As always, Enfield and Whitehouse remain strongest when attaching attitudes to stereotypes. Whether it's the Portobello antiques brigade in "I saw you coming", the Harley Street Surgeons or the upwardly mobile Guy Ritchie and Madonna, where there's pretension to be pricked, nobody does it better. And as with Loadsamoney before, Enfield remains the shrewdest of social observers. Take the girls from Café Polski - unfunny and borderline racist at first, but over the course of the series surprisingly reflective of Daily Express-style paranoia over immigration and social exclusion.

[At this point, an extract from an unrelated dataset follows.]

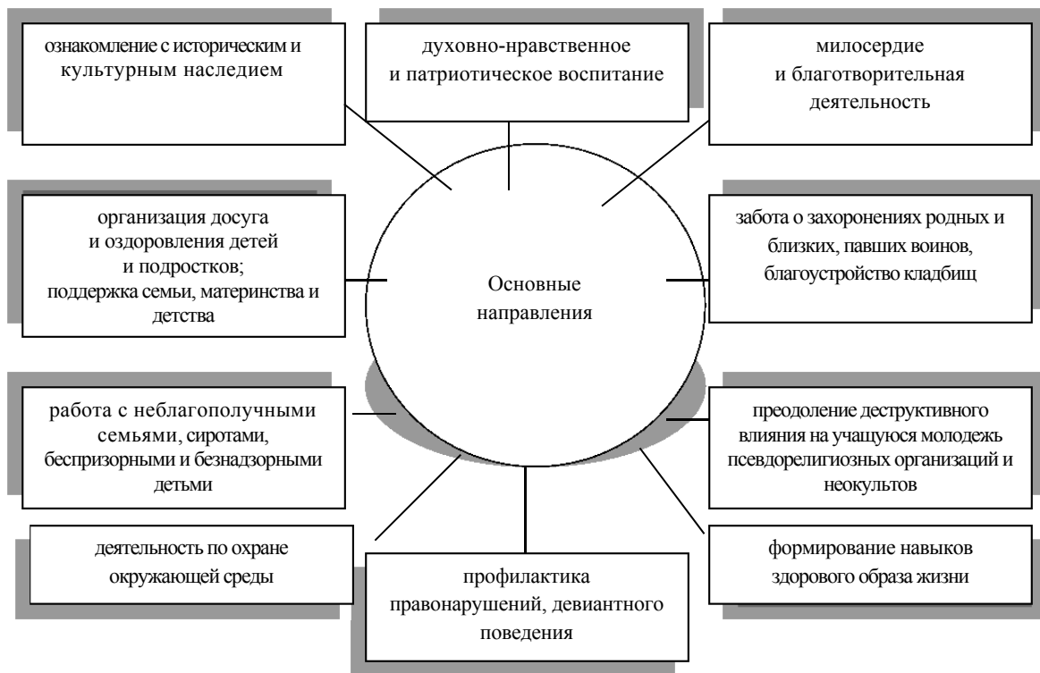
Рисунок 1 — Основные направления взаимодействия учреждений образования с православными благочиниями (приходами)

But there were plenty of reheated leftovers too. The pub bloke's cry of "Oi - back down!" was pure Frank Doberman, fat kids Jamie and Oliver unfunny retreads of the Slobs and the freakish South African, an inexplicable throwback to Jurgen the German. Equally disappointing were one-trick ponies like Abramovitch and Aragontino or the dismal Bill Gates and Steve Jobs (they're geeks, so they must have small dicks - oh please!) both of which show H and P still prone to cheap laughs, bad makeup and dodgy accents where the likes of Baron Cohen or Coogan might have delved deeper. Mind you, depth was never their thing - something that places Harry and Paul firmly in the tradition of Viz rather than Python. It also explains why their humour travels so badly (witness the lamentable overseas returns on Kevin and Perry Go Large or Churchill: the Hollywood Years.) If ever comedy needed explanation by a National Heritage plaque, then this is surely it.

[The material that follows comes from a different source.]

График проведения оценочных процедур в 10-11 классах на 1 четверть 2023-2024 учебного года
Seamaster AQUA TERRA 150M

So, with such mixed opinions you'd think I'd be clamouring for Harry and Paul to be put out of their misery. Ruddy hell, no! This is Enfield and Whitehouse we're talking about, and watching them search for comedy gold is more entertaining than most other comics finding it. For my money, Harry remains the most consistently funny comic we've produced since the 70s, who resurrected character-sketch comedy with Stavros and gave us more catchphrases than Dick Emery, Catherine Tate and Little Britain put together. In Whitehouse we have someone for whom the term "funny bones" might have been invented. Apart, his comedy star shone brighter than Enfield's (particularly in The Fast Show) but together again we see them for what they are - Sorcerer and Apprentice - they still working magic. If Mitchell and Webb ever come up with anything as audacious as Nelson Mandela's Smack and Crack Party Pack, let alone 20 years into their careers, I'd be very surprised indeed. In the meantime, roll on that second series.